[DATASET EXTRACT]
============

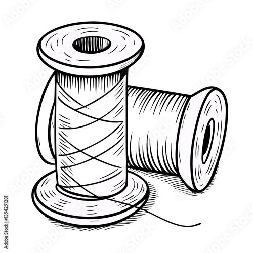 Two Vintage Spools of Thread in Black and White Sketch Style
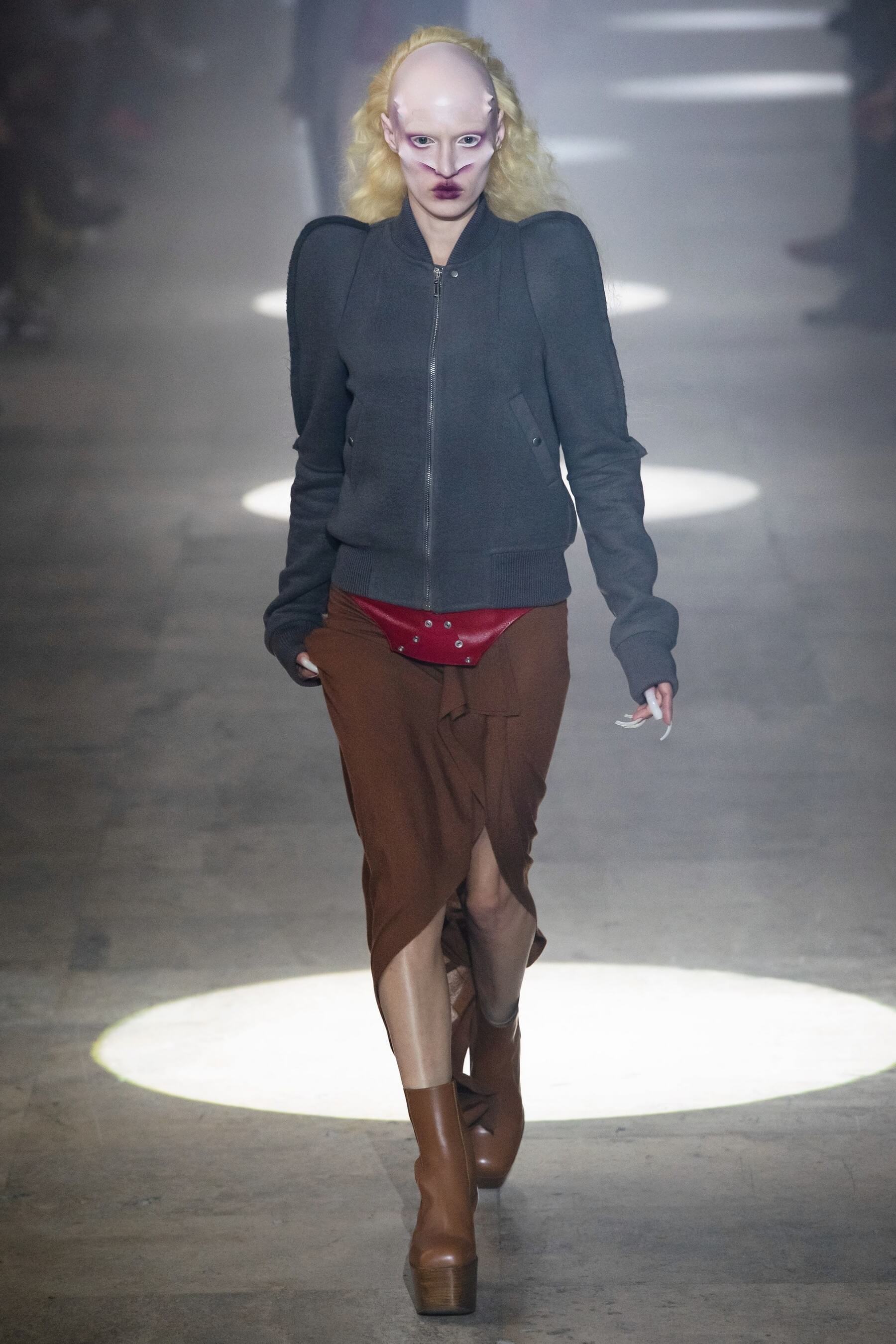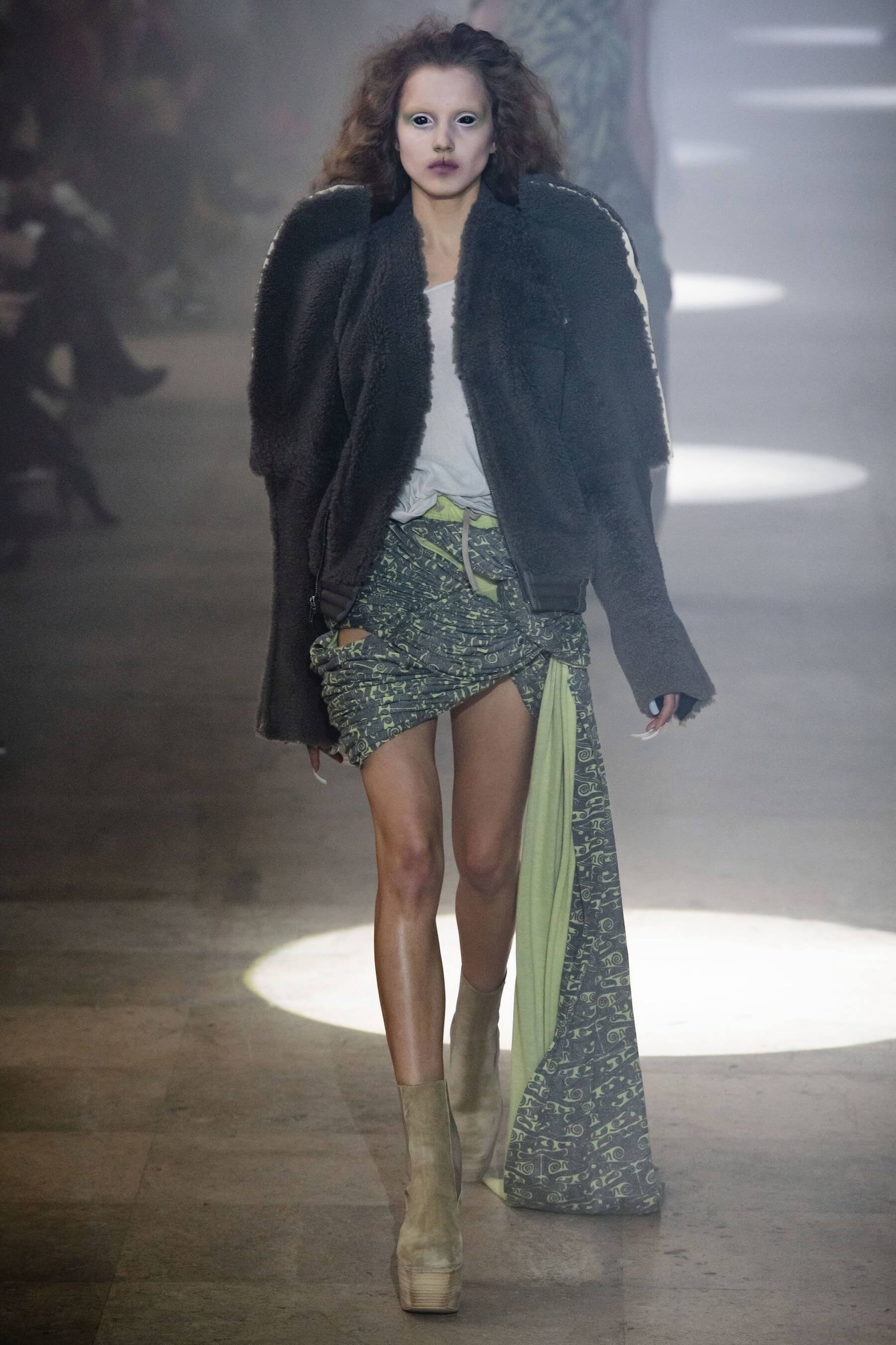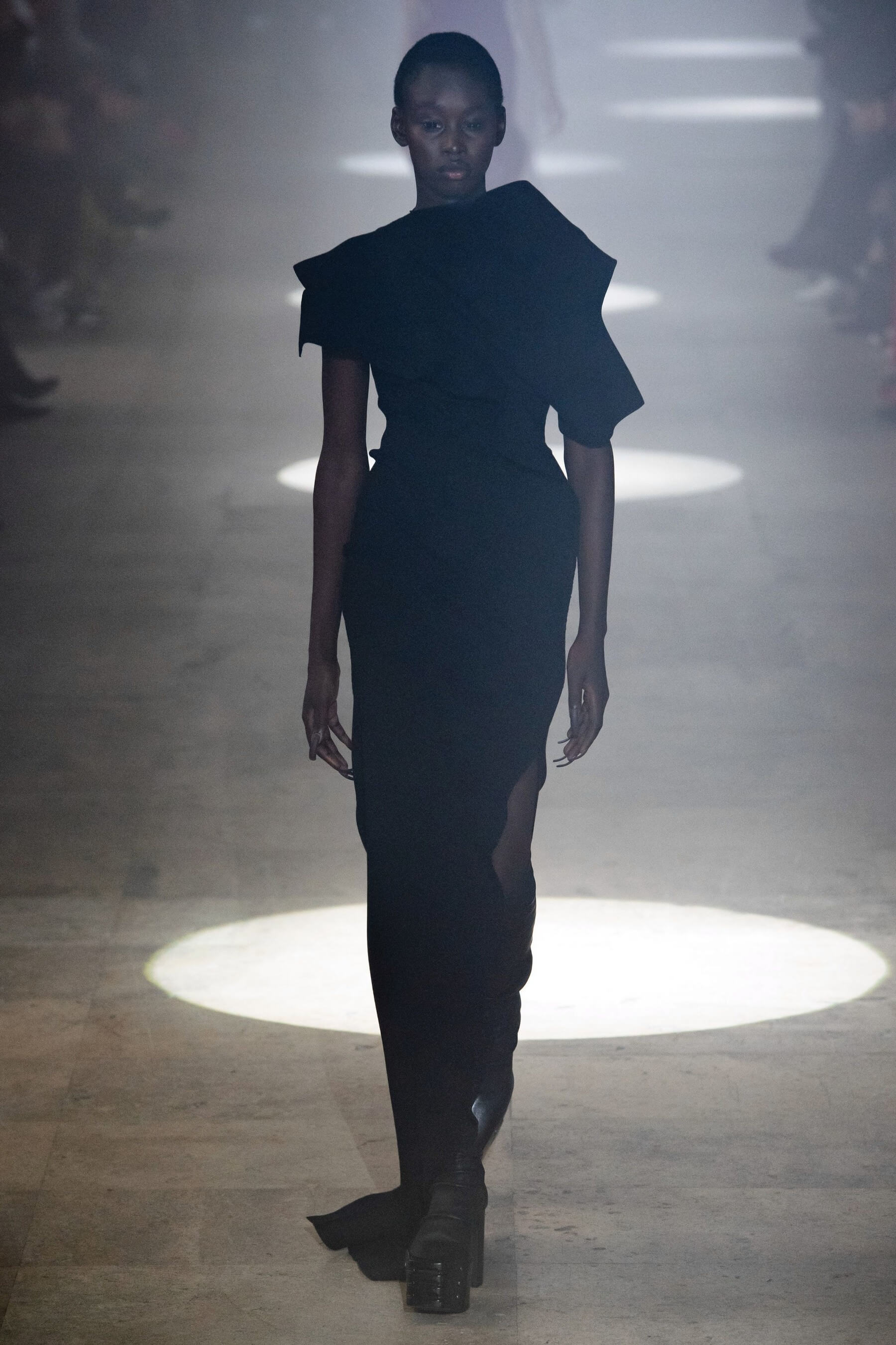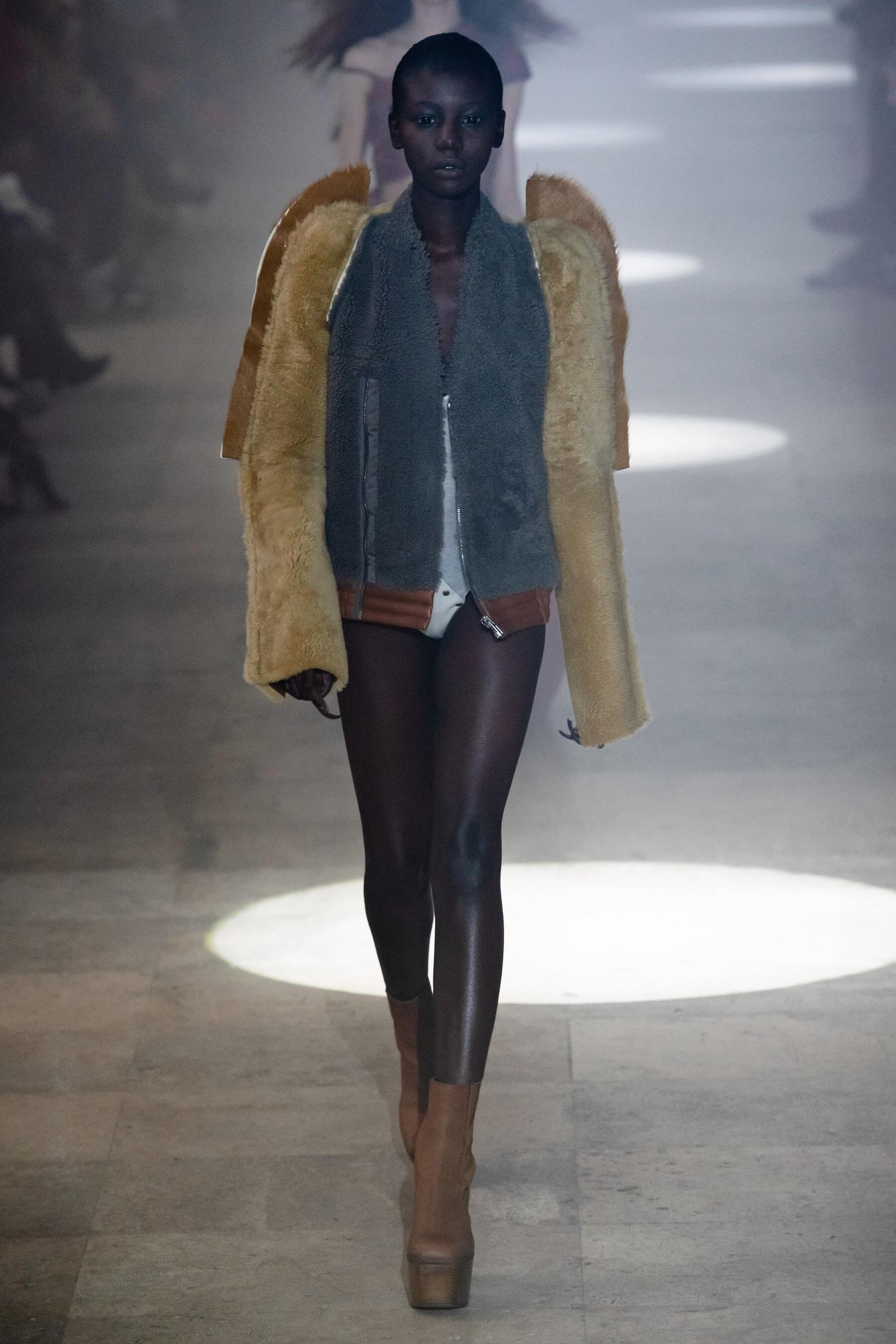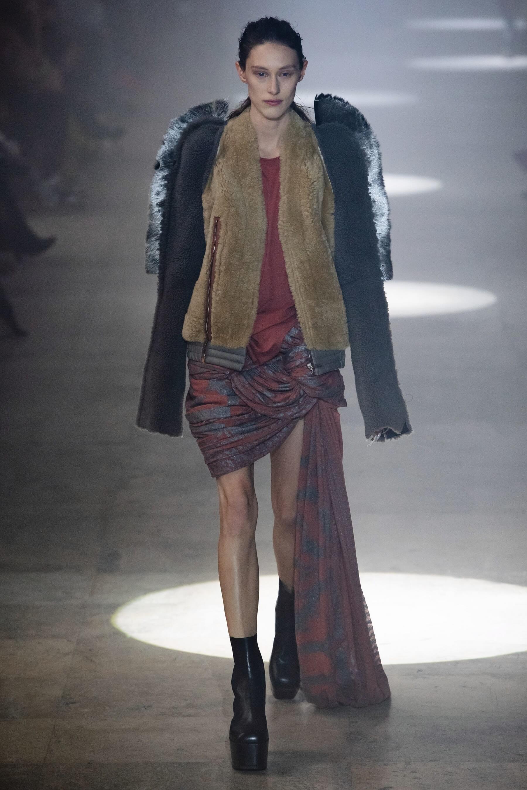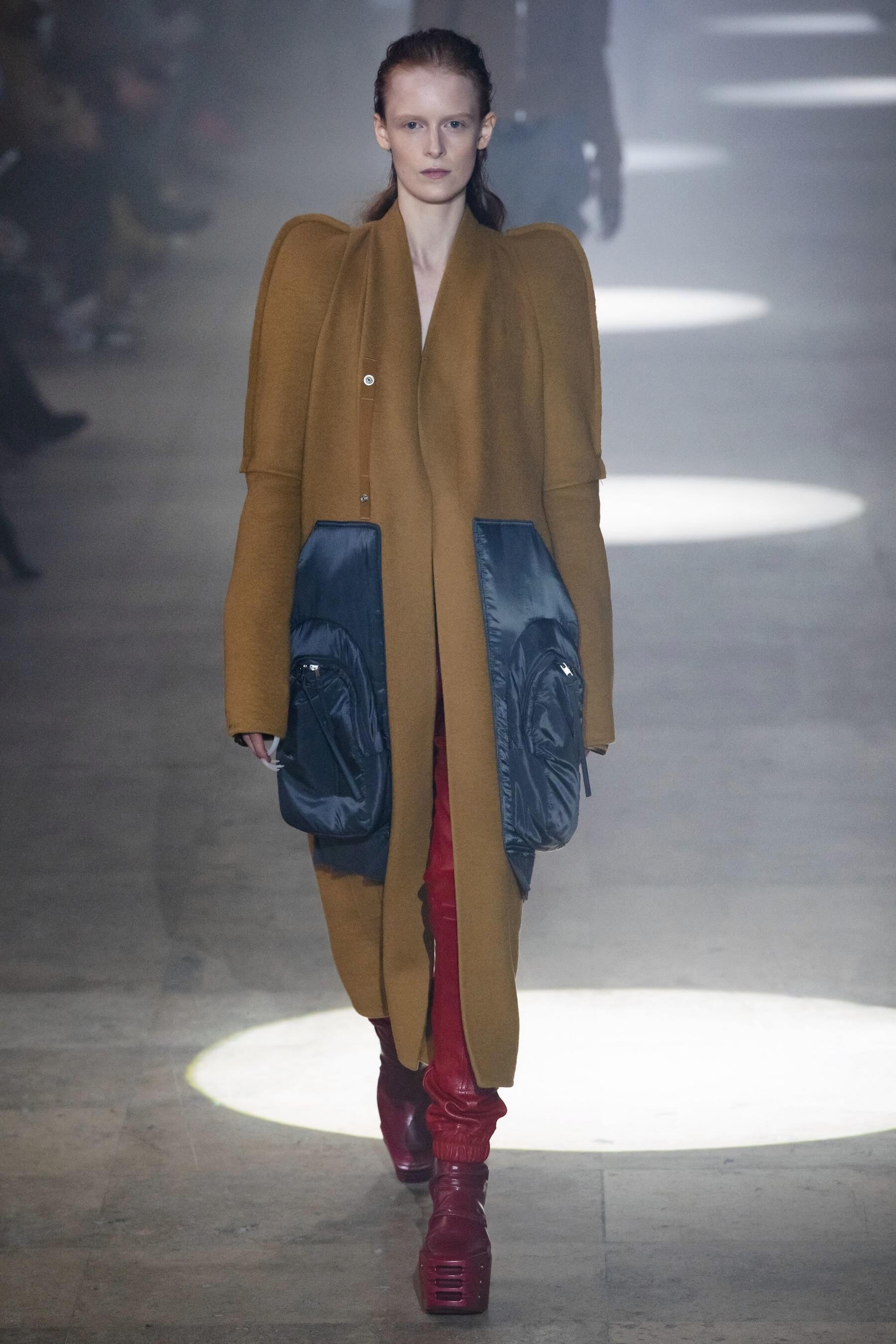 Король гротеска Рик Оуэнс показал новую коллекцию, в которую вошли лаконичные бомберы, пальто и брюки с накладными карманами, кожаные комбинезоны, драпированные платья и шубы с большими плечами.
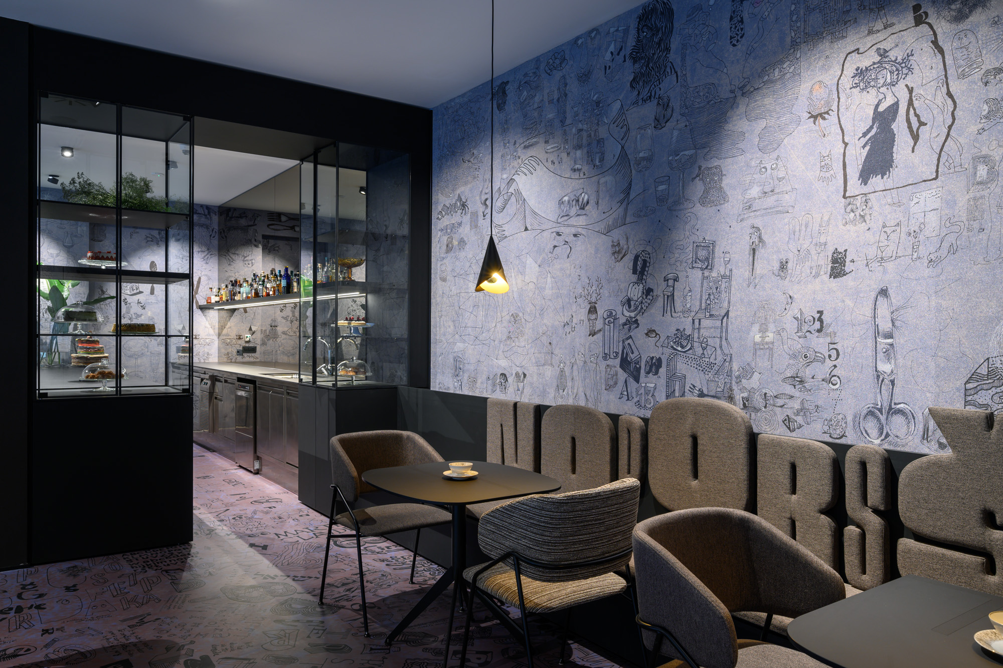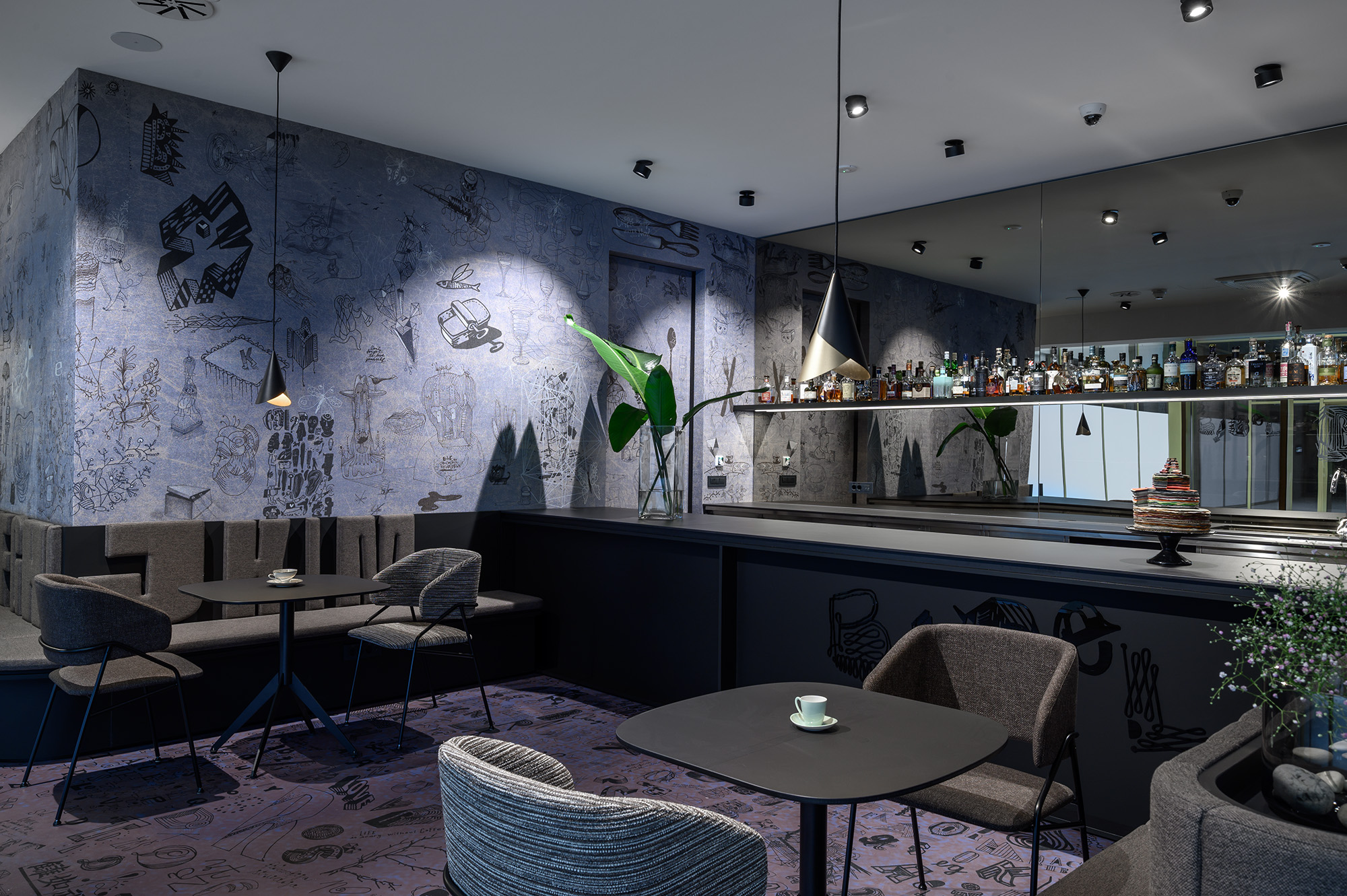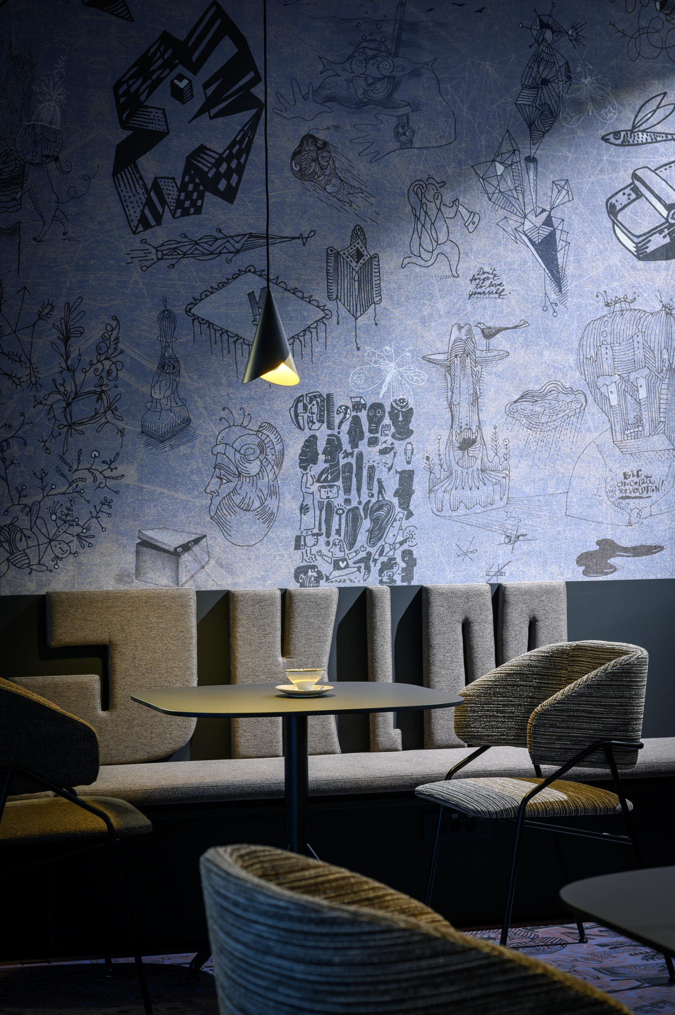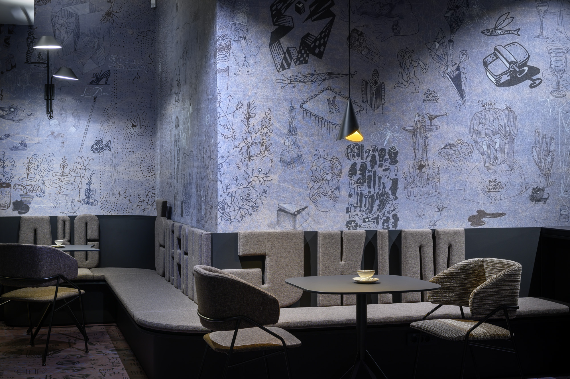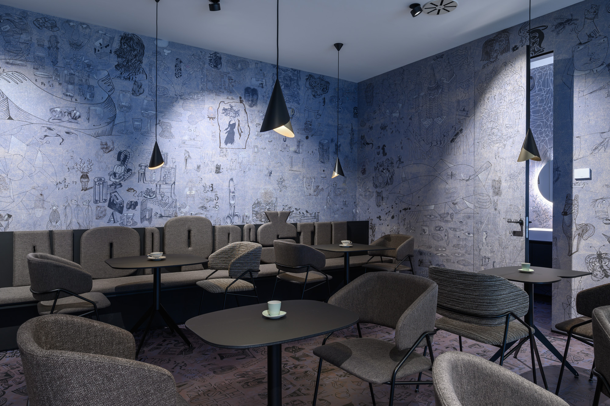 Opća rasvjeta u prostoru ne samo da stvara ugodan ambijent, već ističe i jedinstvene tapete koje je za kafić dizajnirao Radovan Jenko. Tapetu je po narudžbi izradila talijanska tvrtka Wall&decò, a zidne obloge stilski se nadopunjuju i s podnim površinama.

============

Pictures stay out. Repeat only the lines from the beginning of the data through the line that has "Король гротеска Рик".

 Two Vintage Spools of Thread in Black and White Sketch Style
 Король гротеска Рик Оуэнс показал новую коллекцию, в которую вошли лаконичные бомберы, пальто и брюки с накладными карманами, кожаные комбинезоны, драпированные платья и шубы с большими плечами.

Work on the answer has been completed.